Isabel tuned in to find that she was no longer in the library but instead sitting on a couch in the drawing room. She panicked for a moment. Had she used transmutation? No, she wasn't good enough at that, and no one was freaking out so she must not have displayed magic. Right, she walked from the library to the main room but had been too lost in thought.

She toyed with her nightgown, keeping her hands busy.

The Carpenters still played endlessly.

"You have to let me do your hair," Gallant said, running his fingers though Isabel's long locks. "There's so much of it!"

"What were you thinking about, anyway?" Stu asked. He was sat across from Isabel, and leaned forward in interest.

Isabel couldn't tell them. Even though it was just a dream, Isabel felt like it was a secret she was meant to keep. "Just how annoying this song is," she answered as she heard the click of Venable's cane against the floor, indicating her arrival to the drawing room. A hush fell over the crowd.

"I was unaware that the end of the world called for a sleepover," Ms. Venable said in her usual unamused manner, her gaze focused intently on Isabel. Well, more of the nightgown she never changed out of.

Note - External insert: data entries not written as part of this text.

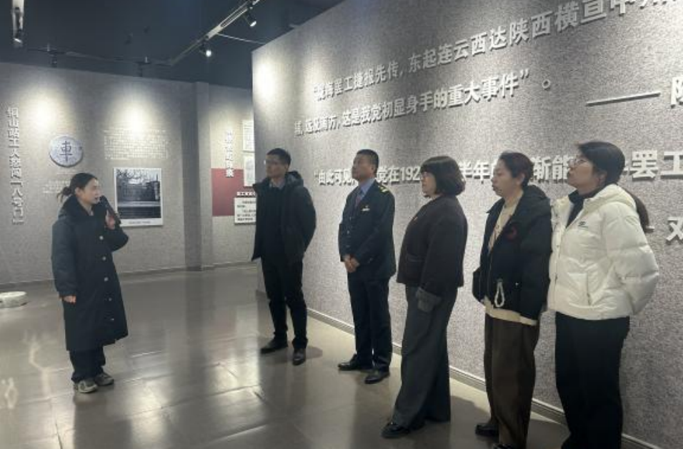 在讲解员的引导下,师生们走进青砖斑驳的八号门事件旧址,这里也是江苏省第一个党支部。通过展出的珍贵历史照片和文献档案,大家深入了解了1921年铁路工人为反抗压迫发起的罢工斗争——这一事件被视为中国共产党领导早期工人运动的重要实践。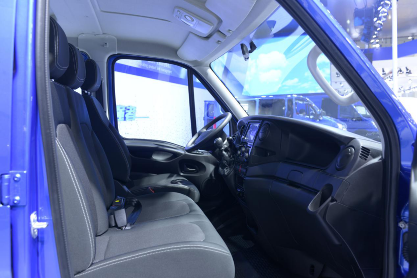 再加上全新一代 Daily C45-33的驾驶室采用前排三座椅的设计,中间腾出的空间使得三个人坐在驾驶室里面完全不会有任何障碍。内饰给人的第一感觉就十分舒适,温柔的设计线条和功能齐全的操作使得Daily的舒适程度更偏向于轿车。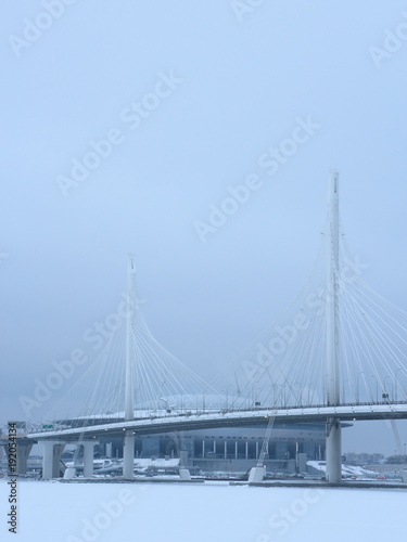 © Andrey, Fototapeta premium bridge over the river in the winter evening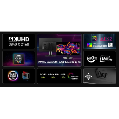 31.5", QD-OLED, 3840 x 2160, 165 Гц, 16:9, 1000 кд/м2, 450 кд/м2, 1 500 000:1, VESA - 100x100 мм, 7.7 кг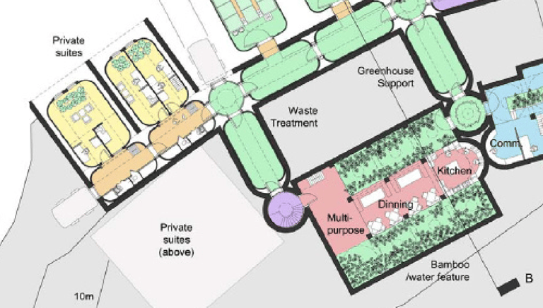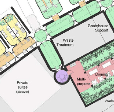 Pour transformer un habitat isolé en un véritable foyer, le projet accorde une priorité absolue à la qualité de l'environnement intérieur. La végétation est utilisée comme un pilier social et un médiateur de l'espace ; des arbres sont plantés dès l'arrivée des premiers colons pour symboliser l'espoir et la permanence de l'établissement. Les plantes servent également à masquer les limites physiques des structures souterraines grâce au concept de « jardin chinois », créant une illusion d'espace plus vaste et réduisant le sentiment de confinement. L'apport de lumière naturelle est assuré par des puits de lumière (lightpipes) équipés de lentilles en surface qui dirigent les rayons solaires vers les zones communes enterrées. Les serres, outre leur rôle de support de vie, sont conçues avec de longues lignes de vue pour permettre aux résidents de marcher ou de courir, répondant ainsi à des besoins psychologiques fondamentaux.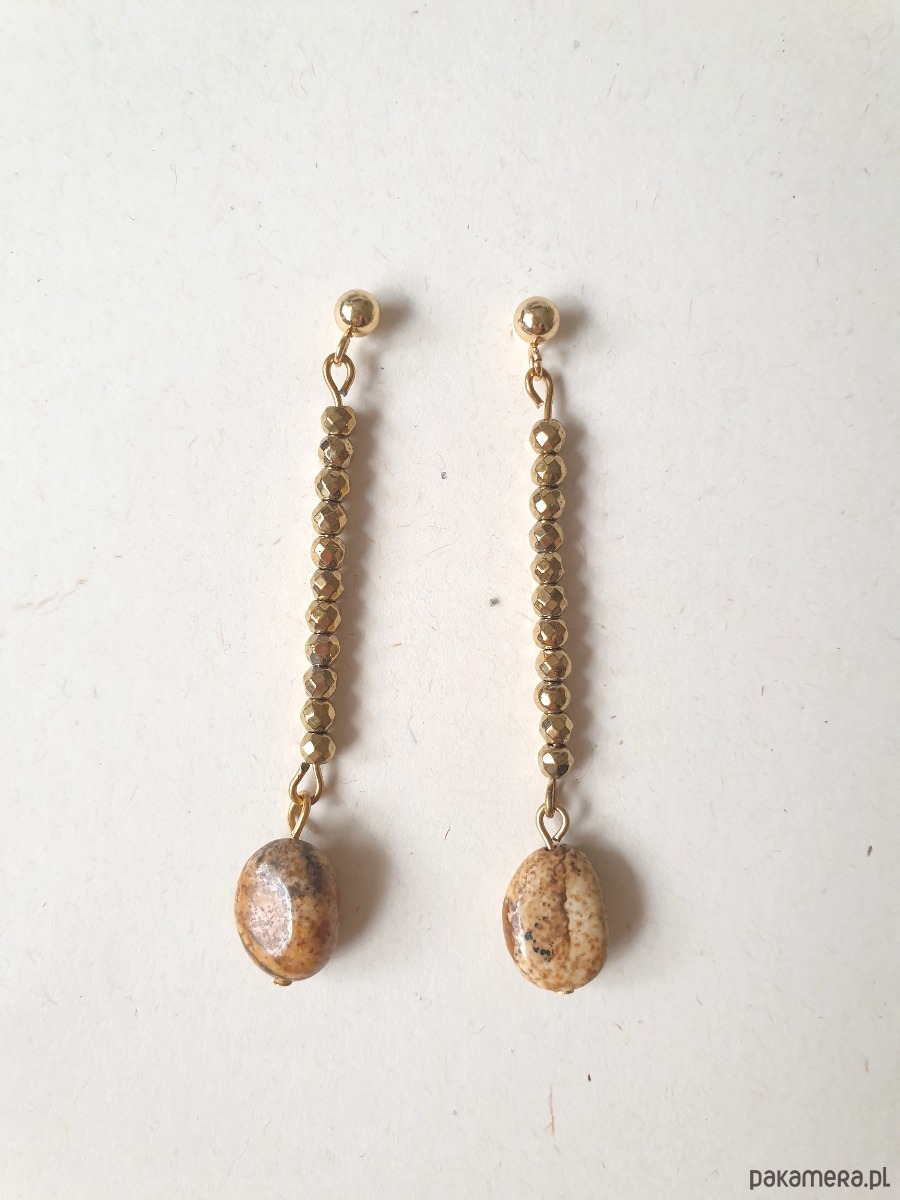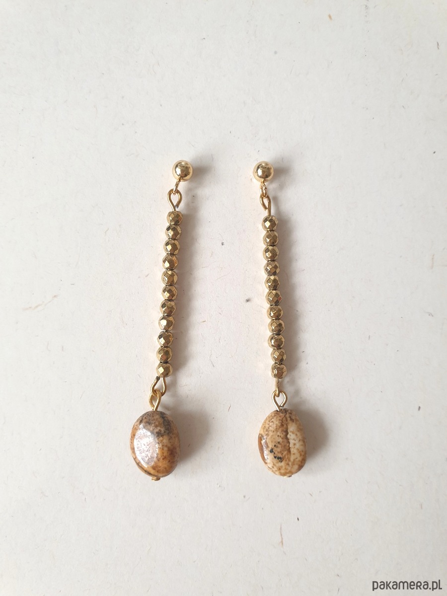 Delikatne długie, wiszące kolczyki z kolekcji ROOTS idealne na wieczorne wyjście ale też na co dzień. Wykonane ze stali szlachetnej (hipoalergicznej) złoconej z kamieniami naturalnymi: złoty hematyt, jaspis obrazkowy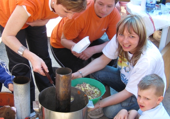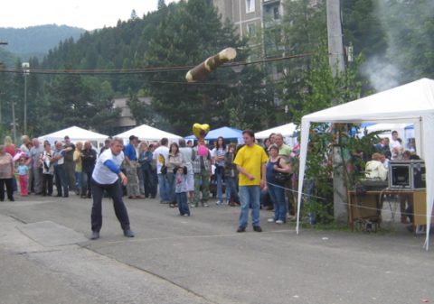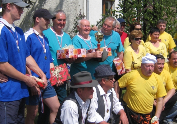 (drevo, metrovica cca 14 kg) o najdlhší hod. Spôsob hodu je ľubovolný.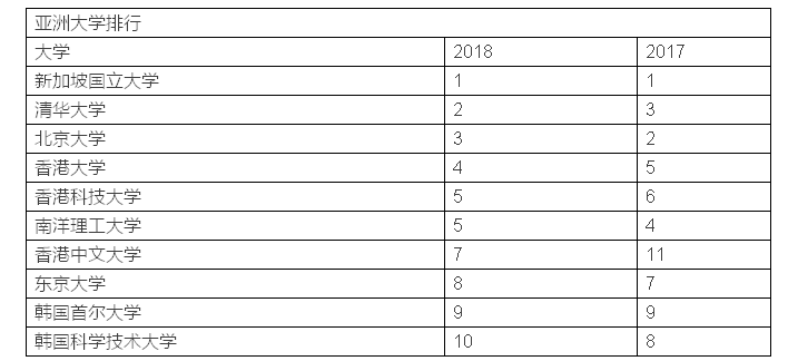 点击这里查看完整版《泰晤士高等教育2018年亚洲大学排名》~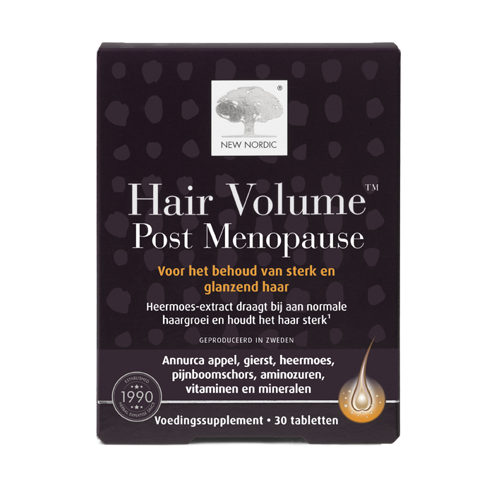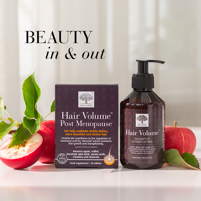 To help improve the appearance of our hair after menopause, New Nordic have developed a daily Hair Volumeā„¢ Post Menopause tablet. Taken once a day as part of your routine, you will start to notice a visible difference and new confidence in your hair texture, thickness and strength.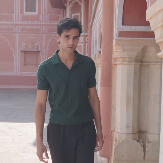 Jacquard geometric patterned knit polo in forest green. Collar placket, bottom band and cuff. Short sleeves.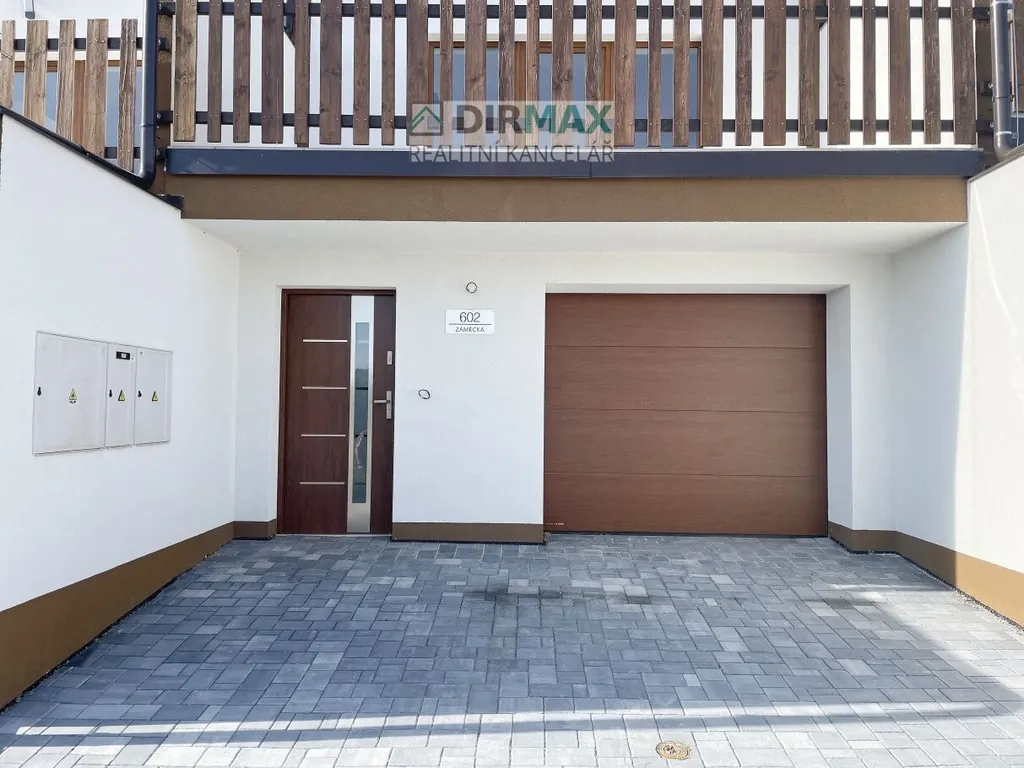 Každý dům má svoje číslo popisné, Zámecká ulice (604 a 605) a je tady napojení na veškeré sítě - městská voda, kanalizace, elektřina, plyn, optický internet.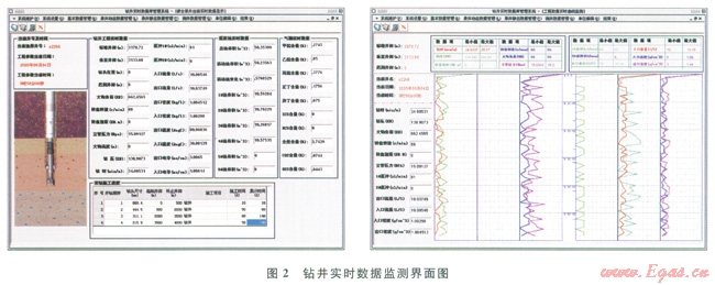 3)建立了以國(guó)際通用WITS標(biāo)準(zhǔn)為參考依據(jù)的鉆井風(fēng)險(xiǎn)控制系統(tǒng)數(shù)據(jù)庫(kù),并優(yōu)化了數(shù)據(jù)庫(kù)結(jié)構(gòu)及查詢模式,開(kāi)發(fā)了鉆井風(fēng)險(xiǎn)控制系統(tǒng)實(shí)時(shí)數(shù)據(jù)庫(kù)管理軟件。軟件為用戶提供了數(shù)據(jù)庫(kù)備份、數(shù)據(jù)庫(kù)還原功能;可以瀏覽、修改、查詢、導(dǎo)出、導(dǎo)入、刪除、整理任意井的鉆井?dāng)?shù)據(jù);可以對(duì)各種數(shù)據(jù)進(jìn)行實(shí)時(shí)顯示、按時(shí)間回放、按井深回放;可以將任意數(shù)據(jù)導(dǎo)出到文本文件中;可以進(jìn)行異地備份;可以按用戶需要導(dǎo)入相關(guān)數(shù)據(jù),鉆井實(shí)時(shí)數(shù)據(jù)監(jiān)測(cè)界面如圖2所示。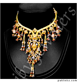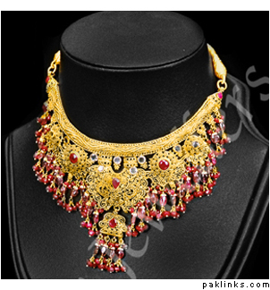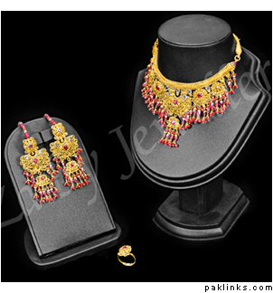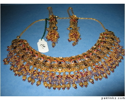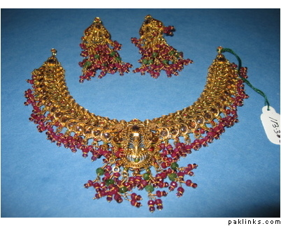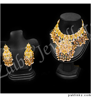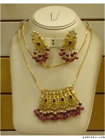 Gosh i love this one…so pretty! Is this gold that’s been laquered? and waht kind of stones are these? diamonds or cubic zirconia? How much do sets like these usually cost? and where can i get one in lahore??its so lovely :wub: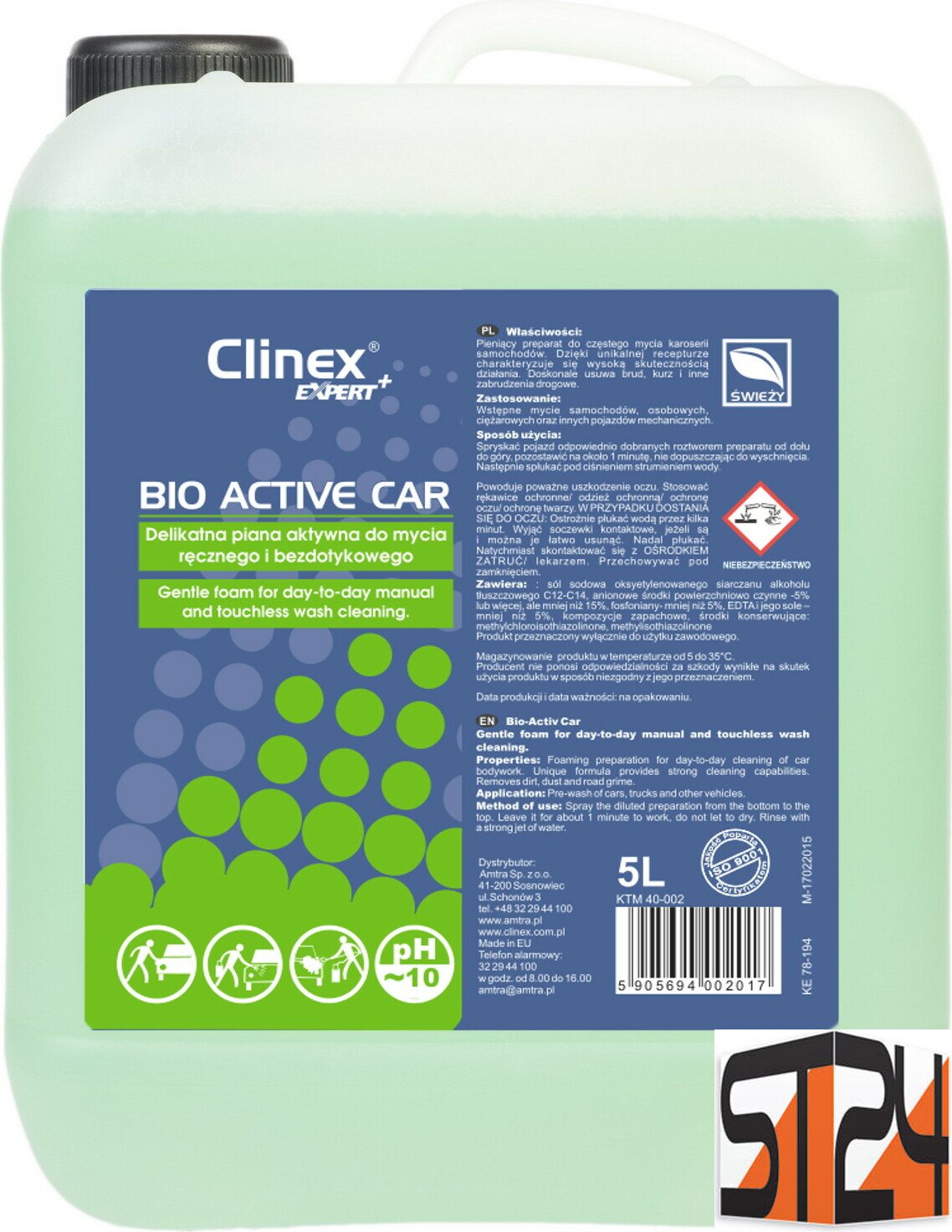 DescripciónCLINEX Expert+ Bio Active Car 5 l – Espuma activa de alto rendimiento y calidad profesional para el lavado regular de vehículos.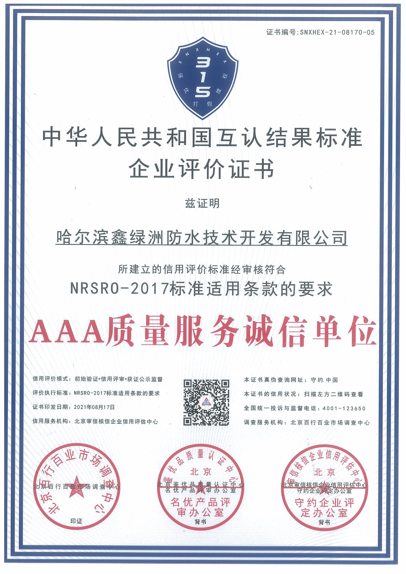 企業(yè)認(rèn)證證書
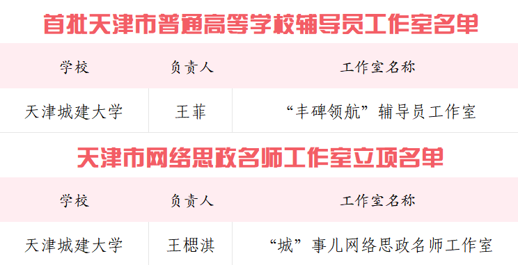 积极培育示范平台,以天津市首批辅导员工作室—“丰碑领航”辅导员工作室和天津市首批网络思政名师工作室—“‘城’事儿”网络思政名师工作室为载体,着力打造辅导员工作示范区和“样板间”。坚持以评促建,定期评选校“十佳辅导员”、举办辅导员素质能力大赛等,激发队伍内生动力,提高辅导员思想引领、心理咨询、学习指导、危机应对等方面能力,服务学生全面成长成才。近年来,3名辅导员先后获评天津市十佳辅导员,9名辅导员获评天津市优秀辅导员,4名辅导员获评天津市优秀共青团干部,1名辅导员获评“天津向上向善好青年”。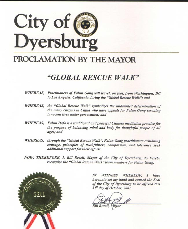 【明慧网2001年11月4日】田纳西州戴斯堡市市长比尔.瑞文2001年10月25日签发褒奖状褒奖“紧急救援全球步行”小组的全体成员。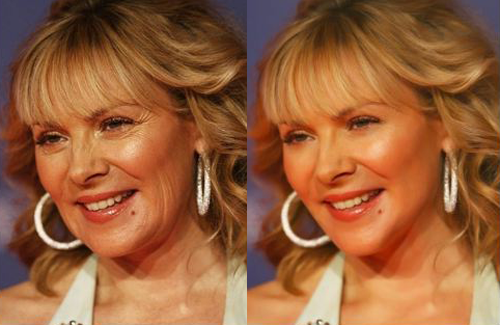 Alicia Silverstone seems much younger in the picture after using photoshop. Many of the dark patches on her face are reduced.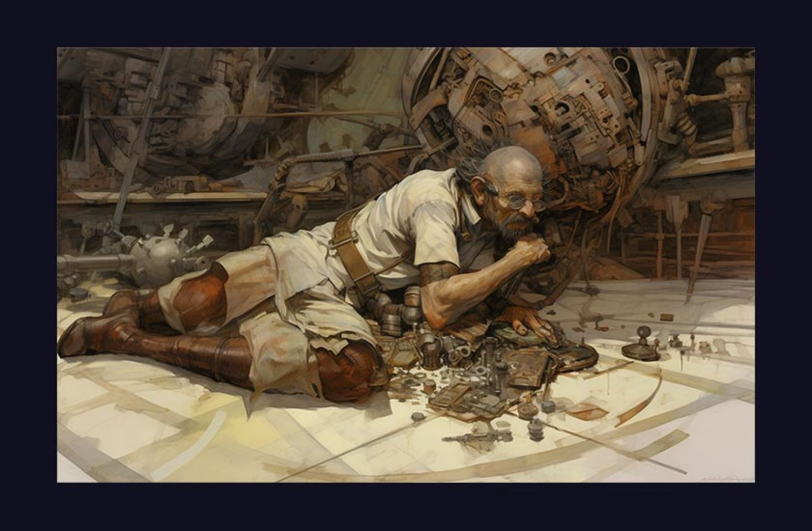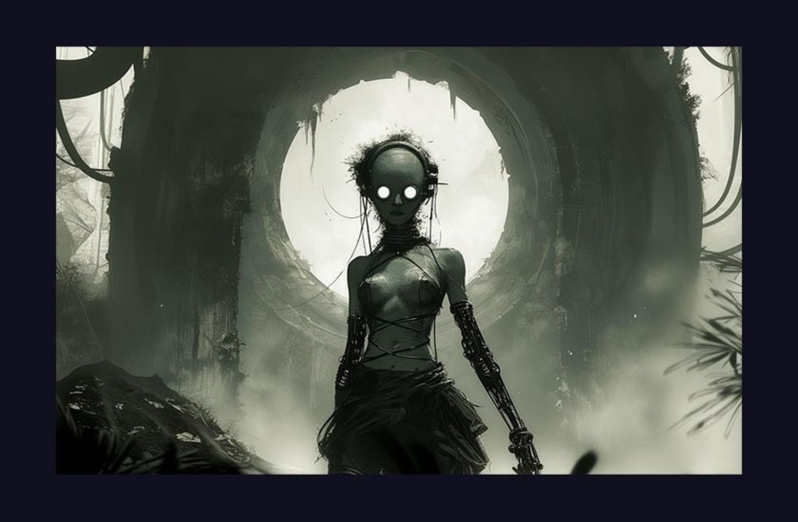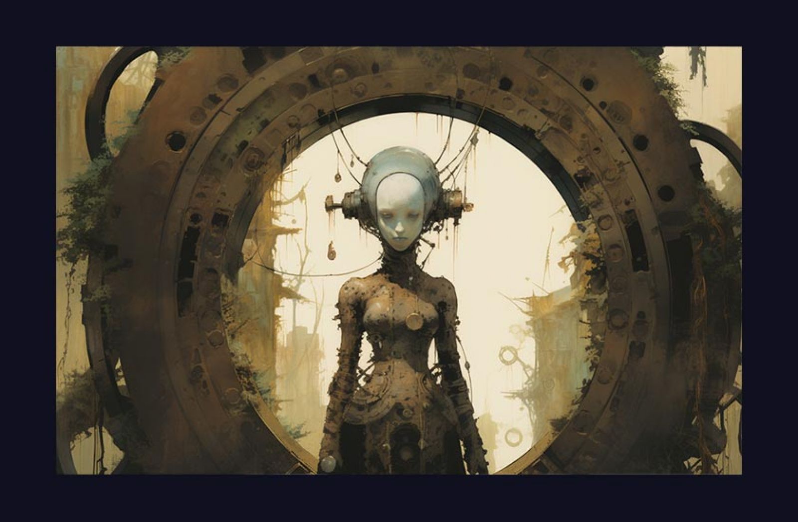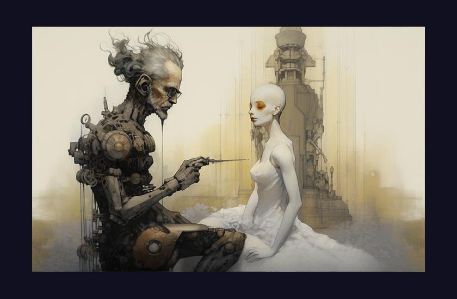 And he worked tirelessly and feverishly, but the work took longer than he had expected. And so the memory faded. But he had promised her a soul and so he worked on the replica until he died. She never got the injection with the soul. But he had told her something: the most important thing in life is curiosity. And so she embarked on her own journey. She recreated her father so that he could complete his work and give her a soul. But a machine cannot build a machine that is capable of creating a soul. This drove her away from her world, because the curiosity in her was alive. And so she moved away from her time and her dimension and descended into the pit. There she saw a tree for the first time. And the sky was blue and not black as she knew it. And everything multiplied. Trees, people, microorganisms. Even the clouds seemed to multiply and grow. Everything seemed to have a soul.

Isabel tried brushing off Venable's cold gaze, knowing she was in trouble. "Sleepover might be fun. A pajama party to ease the tension."

Before Ms. Venable could argue, the group murmured in agreement.

"Oh my god, that would be so much fun!" Gallant declared as Coco squealed in agreement. "Truth or Dare, Never Have I Ever; yes, oh my god I'm in!"

"It might be just the thing we need to boost morale," Dinah agreed, though Evie scoffed at the idea of entertaining something so childish.

Ms. Venable's expression darkened, her eyes narrowing on Isabel, the instigator. She lifted her cane, and then slammed it back down on the floor. The sound resonated throughout the entire outpost, like the crack of a gunshot.

"Enough," Ms. Venable seethed. "Enough with this nonsense." Her glare made the group look down in shame and fear. "Miss Noble, my quarters now."